Now & Then: Women’s basketball – 2001 National Champions
Marissa Frobes | Wednesday, November 10, 2010
The Irish women’s basketball team begins its season Friday at 4 p.m., but the contest against New Hampshire will represent more than just a game — it’ll also be a chance to celebrate.
The 2010-11 season commemorates the 10th anniversary of the program’s only national championship team. The members of that legendary 2000-01 squad will be here Nov. 12 to 14 for a series of events to start the season with the historic championship in mind.
The champion team began its season ranked No. 12 in the pre-season AP poll. They returned three starters: sophomore Alicia Ratay, All-American senior Ruth Riley and fifth-year player Niele Ivey, who is now in her fourth year as an assistant coach for the Irish.
They astonishingly beat UConn in the Big East tournament, ending the Huskies’ 30-game winning streak, along with its rank as No. 1 in the nation. Ultimately, the Irish snagged the championship in a close 68-66 defeat of Purdue at the Savvis Center in St. Louis.
This year’s team kicks off the season ranked No. 6 by the AP Top 25 and ESPN/USA Today Coaches Poll with two returning starters, sophomore phenom Skylar Diggins and senior Becca Bruszewski.

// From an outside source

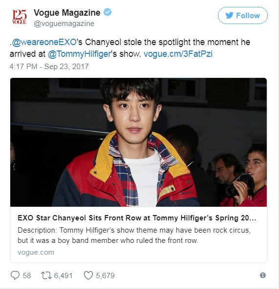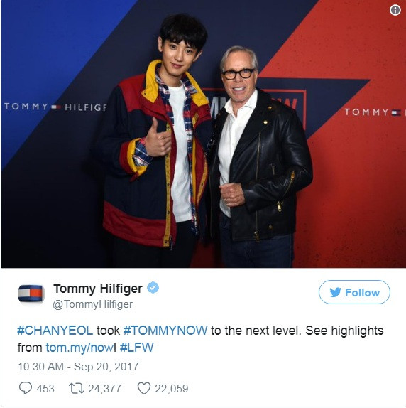 Nhà thiết kế Tommy Hilfiger cũng không quên chụp chung với Chanyeol và khoe trên tài khoản Twitter của ông, kèm theo lời khen rằng Chanyeol đã đưa trang phục của nhãn hàng Tommy Hilfiger lên một đẳng cấp khác.

Since 2001, Connecticut has earned five NCAA championships, including the last two. Perhaps the visit from the 2001 champions, who stole the No. 1 ranking of UConn in a 92-76 upset, will inspire this year’s team to vanquish Connecticut’s top spot.
They have some great ingredients to be able to do so: Coach Muffet McGraw, who led that team to glory; Diggins, comparable to the title squad’s sophomore guard Alicia Ratay; and help from someone who was there — Ivey, McGraw’s current assistant.
The national title team will sign autographs before Friday’s game against New Hampshire, reunite on the Purcell Pavilion floor at halftime, and take the field at the football game against Utah Saturday for another celebration.
The views expressed in this column are those of the author and not necessarily those of The Observer.